Thursday, October 24, 2019
MRI
Went by myself yesterday to get my MRI that I had scheduled but them also needed because my mammogram showed something. This week and the last 2 weeks have been CRAZY. I got stuck in an airport on the way back from this job and it was nuts. There was a state of emergency and they closed the airport. No flights in or out and no one working in the airport. It was fucking nuts. We all had to stay together and you know what I am not even going to get into it. I slept on a hard bench and I was SO PROUD of myself! I was a fucking trooper. Anyway I just got an email from the Dr. well I don't know - I got the report. I don't think I was supposed to but I did and unless I am reading it incorrectly I am okay. FUCK. FUCKING FUUUUUUCK. I just cried for 5 minutes. My holistic doctor says I will have certainty....that I will be able to be certain I am okay and although I have done so much to be okay I still wasn't sure. Plus they scared me at the mammogram. Anyway thank God. I am crying again. I don't want to cut my boobs off and I don't want to take a pill that is going to make me sick. I just don't okay? I don't want to and it's okay that I don't want to. Fuck I am really crying. God this has all been so intense.

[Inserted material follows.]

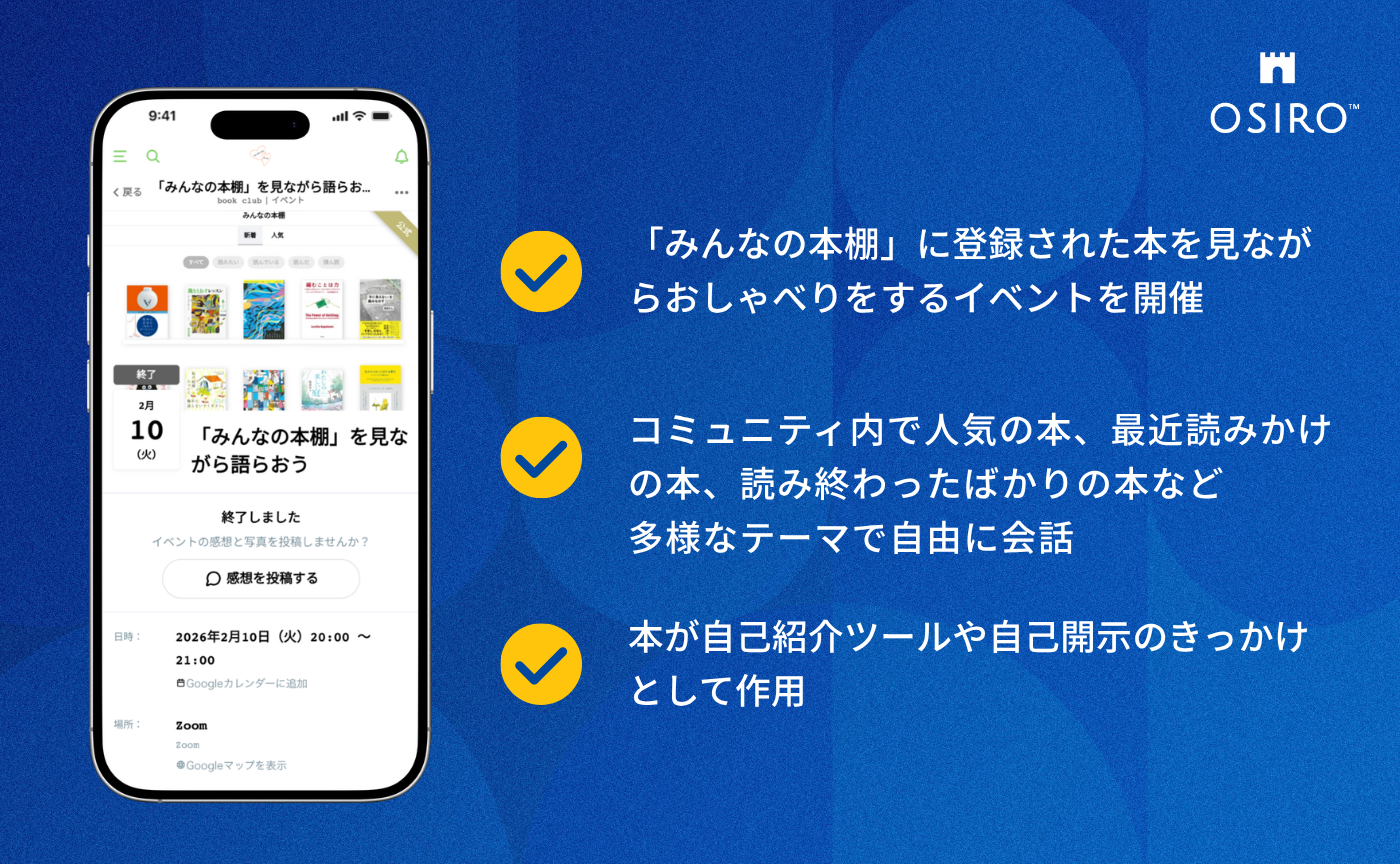 OSIROの「ブックログ」は読書記録が目的ではなく、本の登録(記録)から会話や交流のきっかけを作り、そこからブッククラブ(読書会)など本を通じた共体験を生み出し、メンバー同士のコミュニケーションを深めたいという思いが込められています。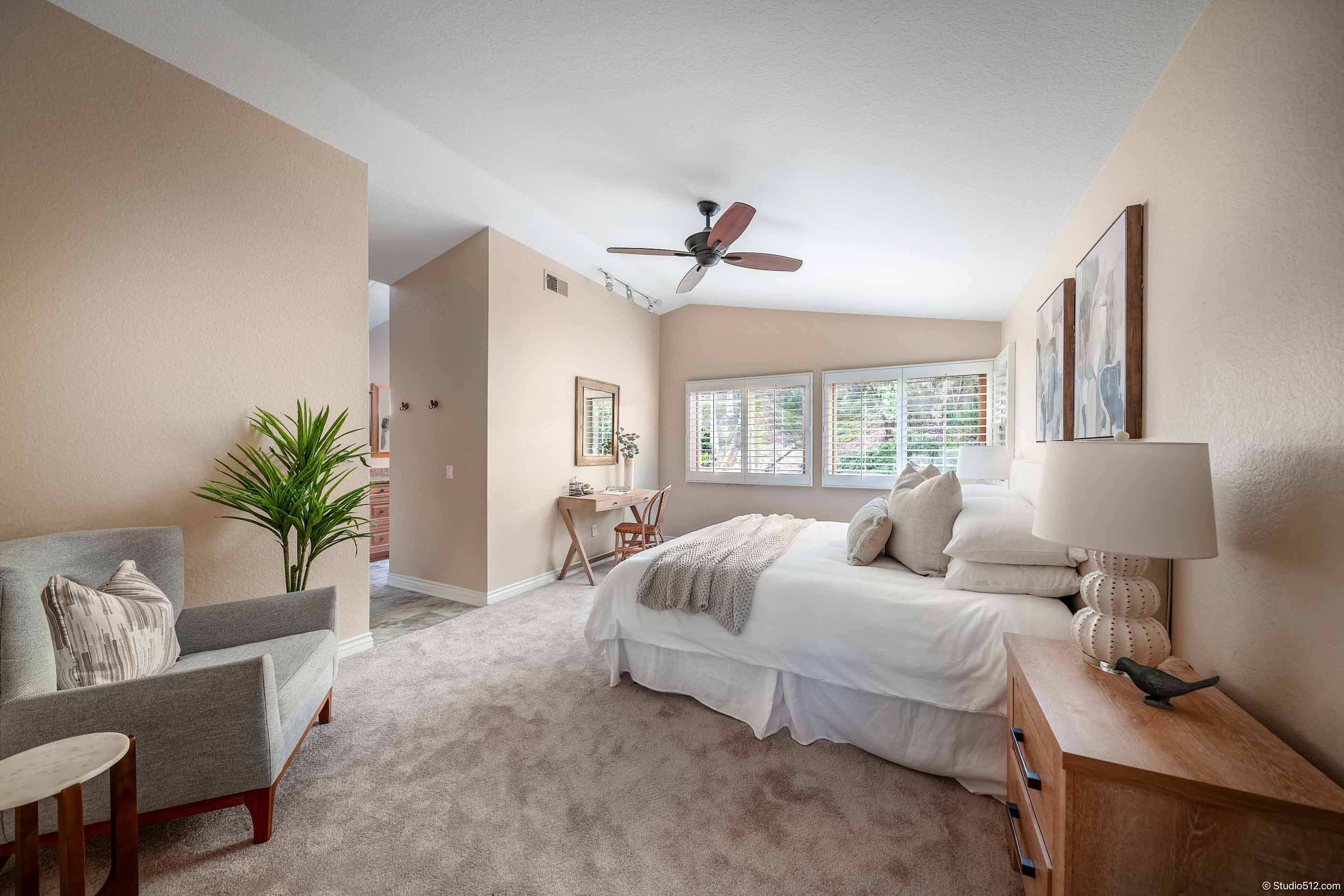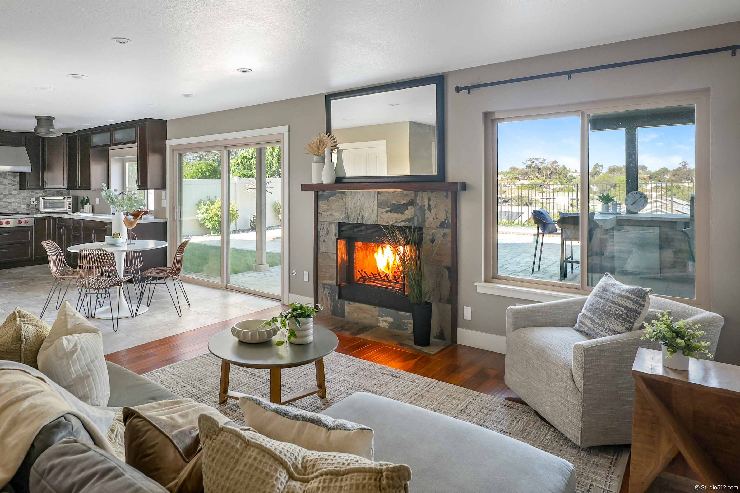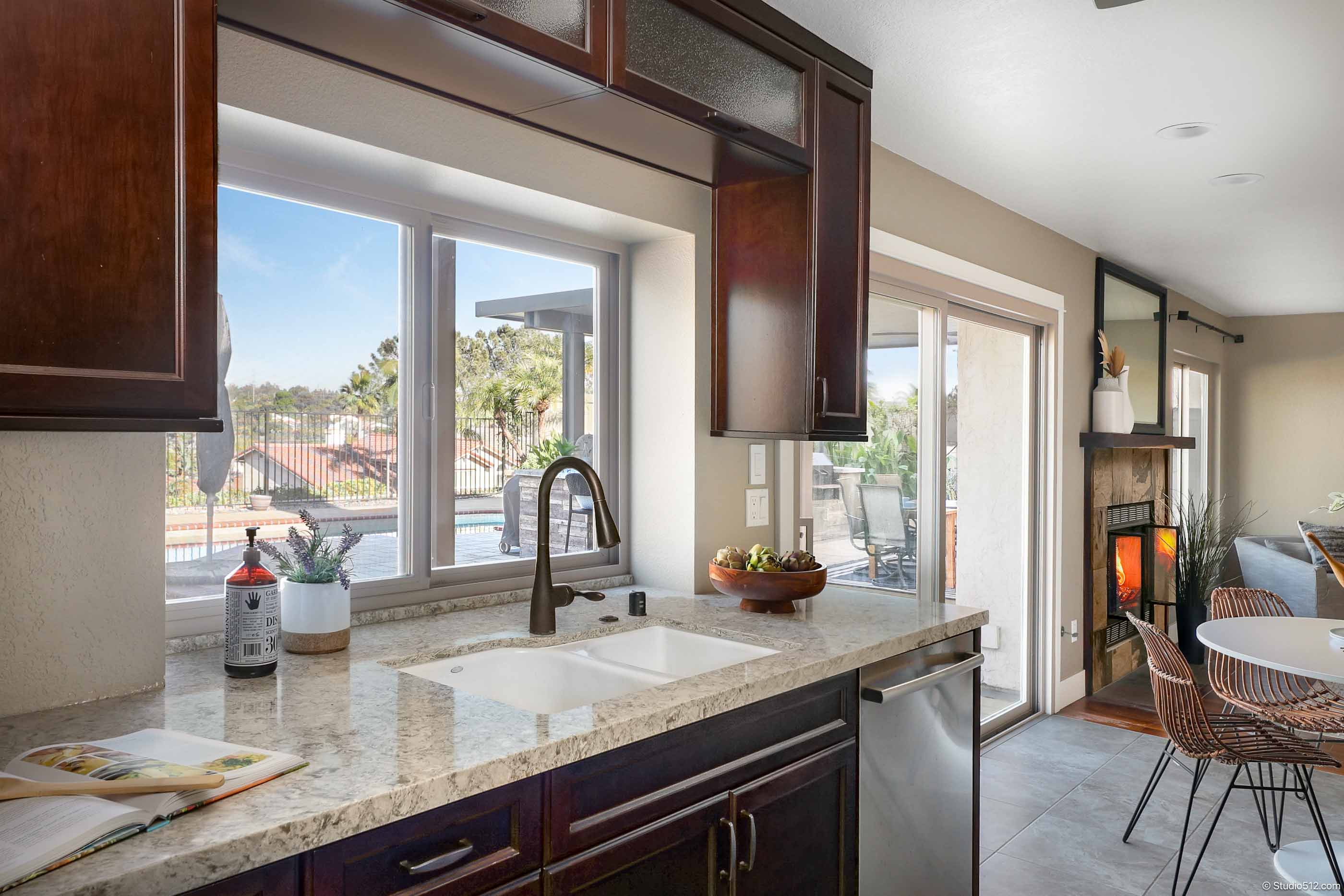 Step into a refined sense of comfort and privacy with this beautifully appointed two-story home, ideally situated in the heart of Encinitas, CA. Tucked away on a quiet cul-de-sac and set on a generous lot just under 10,000 square feet, this residence offers both space and serenity. Originally built in 1986 and thoughtfully expanded to 2,336 square feet, the home features four well-proportioned bedrooms and tastefully remodeled bathrooms, creating a flexible layout suited for both everyday living and hosting. With no neighbors in front and clear views to the east in the backyard, the setting feels peaceful and secluded. From the moment you enter, the home welcomes you with a sense of warmth and quality. At its center is a fully reimagined kitchen designed for both functionality and style. Outfitted with premium Wolf appliances including a gas range, oven, and microwave, along with a Sub-Zero refrigerator, this space is ideal for culinary enthusiasts. Quartz countertops, a designer backsplash, and custom Bellmont cabinetry complete the space with a clean, modern finish. The adjoining living area features engineered hardwood flooring and a slate tile fireplace, complemented by an Indonesian Rosewood mantle. A custom-built bar crafted from a Zinfandel barrel sourced from Powell Mountain Cellars adds a distinctive and inviting touch. Vaulted ceilings and Plantation shutters enhance the sense of openness while maintaining privacy. An additional downstairs bedroom can be used as an office or den with a full bath in the hall. The private primary suite offers a serene and thoughtfully designed retreat, enhanced by brand new carpet, tile flooring and an abundance of natural light. The spa inspired ensuite features dual vanity sinks, a spacious walk-in closet, and a separate soaking tub and shower, creating a perfect balance of comfort and functionality for everyday living. The secondary bedrooms are generously sized and enjoy soft east facing views, bringing in beautiful morning light. Each room is equipped with new carpet and ceiling fans with remote controls for added convenience. The guest bathroom is equally well appointed, featuring dual vanity sinks and a combination tub and shower with a sleek glass enclosure, providing both style and practicality for family and visitors. A spacious east facing bonus room opens to a private balcony finished with durable TREX decking, offering a peaceful setting to enjoy morning light and views of the backyard and pool. The outdoor space has been carefully upgraded to support both relaxation and entertaining. Features include new vinyl fencing, Belgard pavers, and a large covered Alumawood patio cover. The outdoor kitchen area is equipped with a Lynx grill, refrigerator, Yoder smoker, and granite countertops, making it ideal for gatherings. The pool and spa provide a refreshing retreat, supported by a newly installed Pentair Superflo VS pump in 2025. Additional improvements throughout the home include updated PEX plumbing, a new gas water heater, Milgard windows for improved energy efficiency, and a high-performance skylight in the primary bedroom with remote operation. A whole house fan offers an efficient way to keep the upstairs cool and comfortable. With a two-car garage offering ample storage and a location just minutes from Encinitas beaches, dining, award winning schools and community amenities, this home presents a rare opportunity to enjoy comfort, privacy, and coastal convenience in one of North County’s most sought-after areas.

Anyway I also thought I was going to get fired from my job because I went to this other country and then got trapped in an airport that was closed for a state of emergency and that was SO CRAZY. Anyway they didn't fire me although I was late today and I felt like they were going to although the other night the mom said she wasn't going to she promised. COULD I BE MORE STRESSED OUT!? I guess so if I had my own kids. I don't think I am making a lot of sense and now I have to wake up at 4:30 to bring my guy to get his own test done. I am exhausted. Who knew I could do any of this? I did not know. God please help me to continue to be strong, be grateful and grow. Get out of my own way and trust. Love you Bluebie bye.